Rhyzobius gonzalezi

Scientific classification
- Kingdom: Animalia
- Phylum: Arthropoda
- Clade: Pancrustacea
- Class: Insecta
- Order: Coleoptera
- Suborder: Polyphaga
- Infraorder: Cucujiformia
- Family: Coccinellidae
- Genus: Rhyzobius
- Species: R. gonzalezi
- Binomial name: Rhyzobius gonzalezi Tomaszewska, 2010

= Rhyzobius gonzalezi =

- Genus: Rhyzobius
- Species: gonzalezi
- Authority: Tomaszewska, 2010

Species of beetle

Rhyzobius gonzalezi is a species of beetle of the family Coccinellidae.
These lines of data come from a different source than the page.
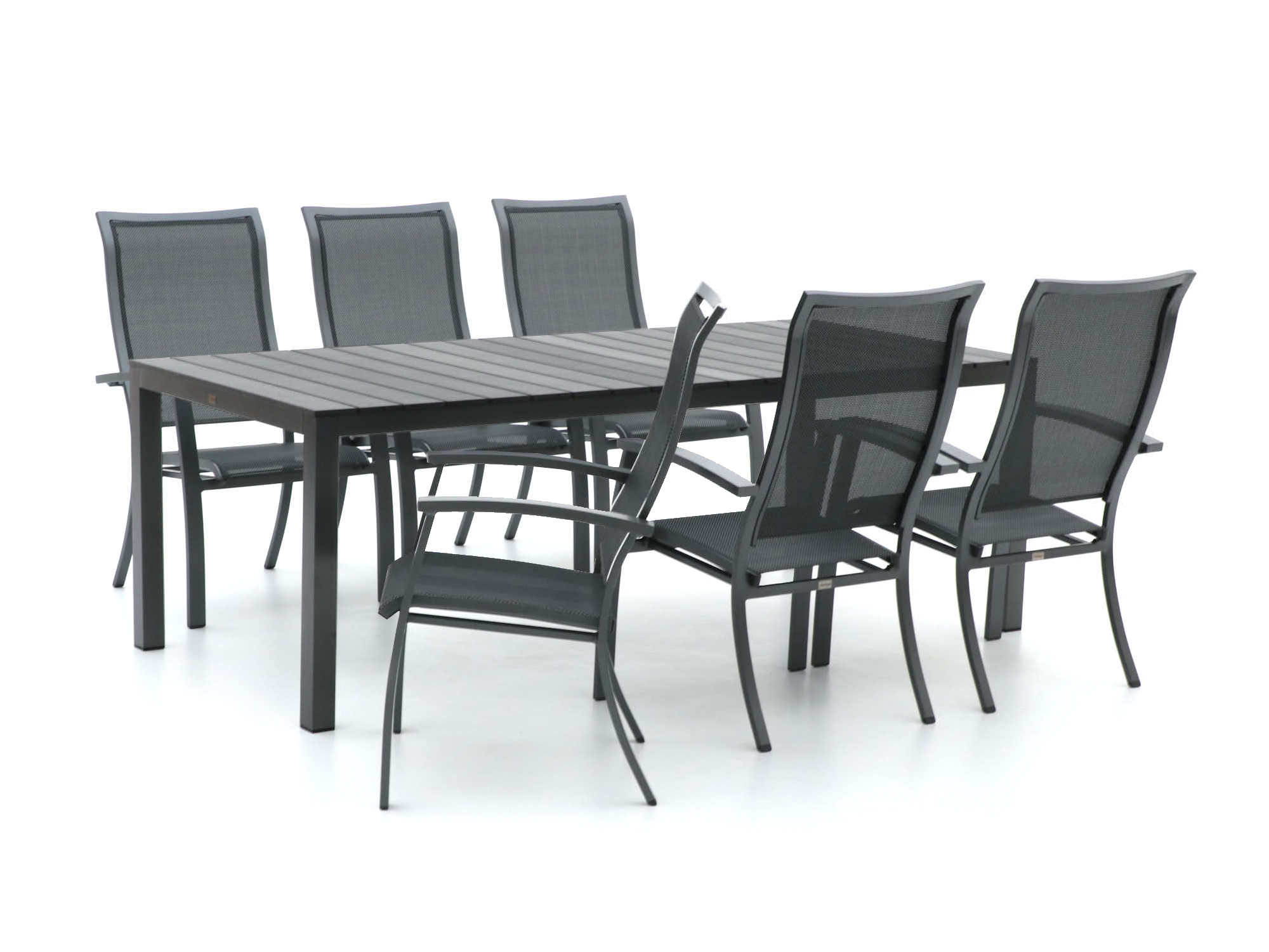 Een zonnige dag, een goed gezelschap en een heerlijke maaltijd in de buitenlucht. Met de Bellagio Lugo/Fidenza 220cm dining tuinset wordt dat plaatje werkelijkheid. Deze 7-delige set in stijlvol Royal Grey biedt plek aan zes personen en is een echte blikvanger in je tuin. De combinatie van een robuust aluminium frame en een onderhoudsarm polywood tafelblad zorgt ervoor dat je jarenlang plezier hebt zonder gedoe. En als je klaar bent met tafelen? De stoelen zijn stapelbaar, dus je bergt ze eenvoudig op. Zo houd je ruimte over voor andere tuinavonturen!
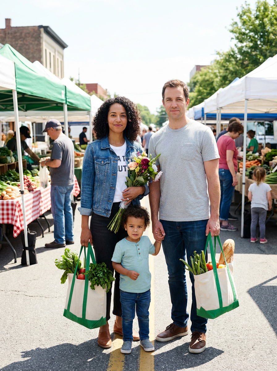 family portrait at farmers market, everyone wearing casual weekend outfits, outdoor market stalls background, carrying fresh produce or flowers, exploring and shopping together, community atmosphere
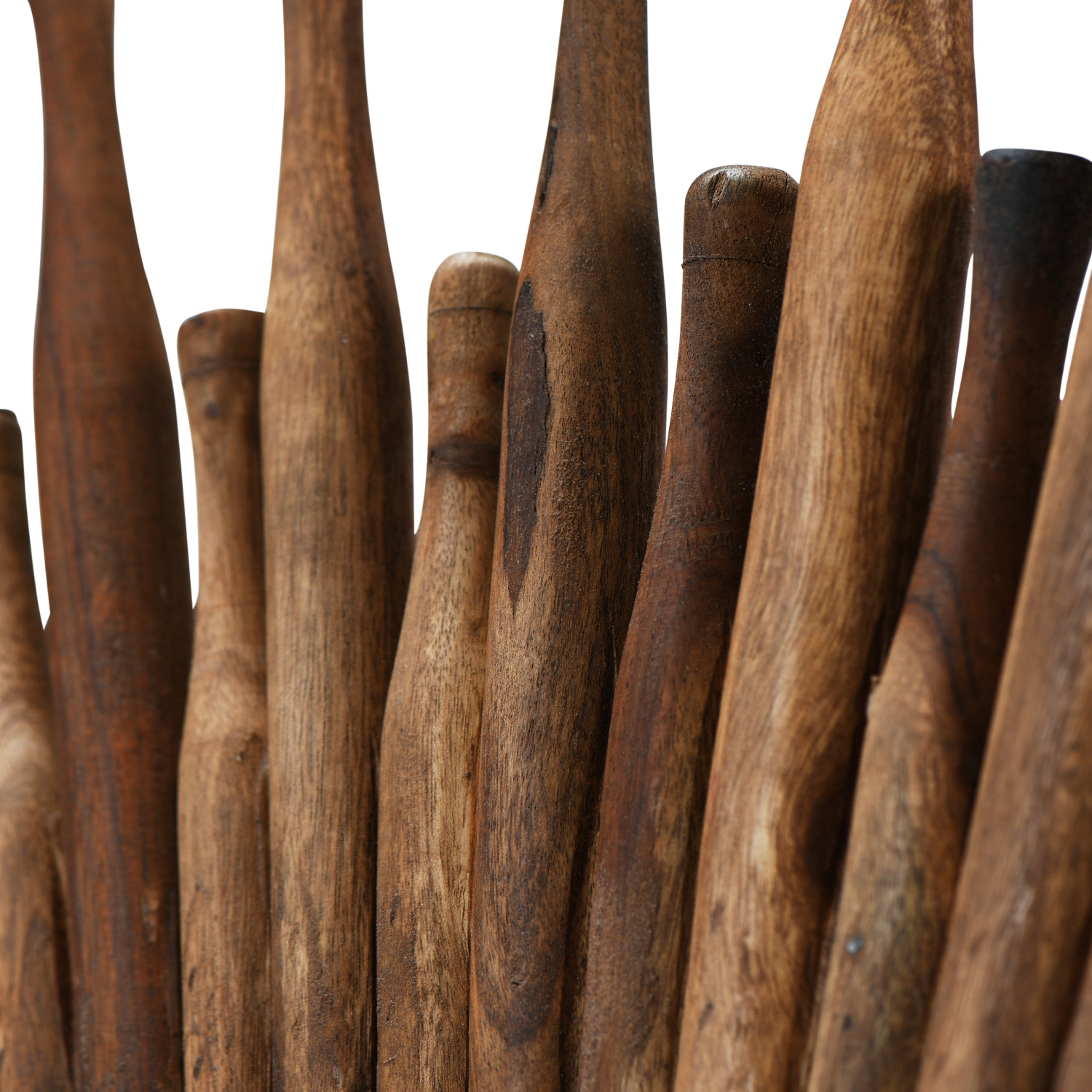 Individual wood pieces create the frame of this mirror. There are short wood pegs with longer pegs surrounding each of the smaller ones. The wood has a variety of shades and shadows making an amazing decorator piece.

It is found in Indonesia (Irian Jaya) and Papua New Guinea.

== Description ==
Adults reach a length of about 2.75-3.2 mm. They have a broadly oval, strongly convex body. The head, pronotum, apex of the elytra and antennae are dark brown, while most of the elytra is black with a violet or purple metallic sheen. The legs are black. The dorsum has moderately long pubescence.

== Etymology ==
The species is dedicated to the Chilean coccinellid specialist Guillermo Gonzalez.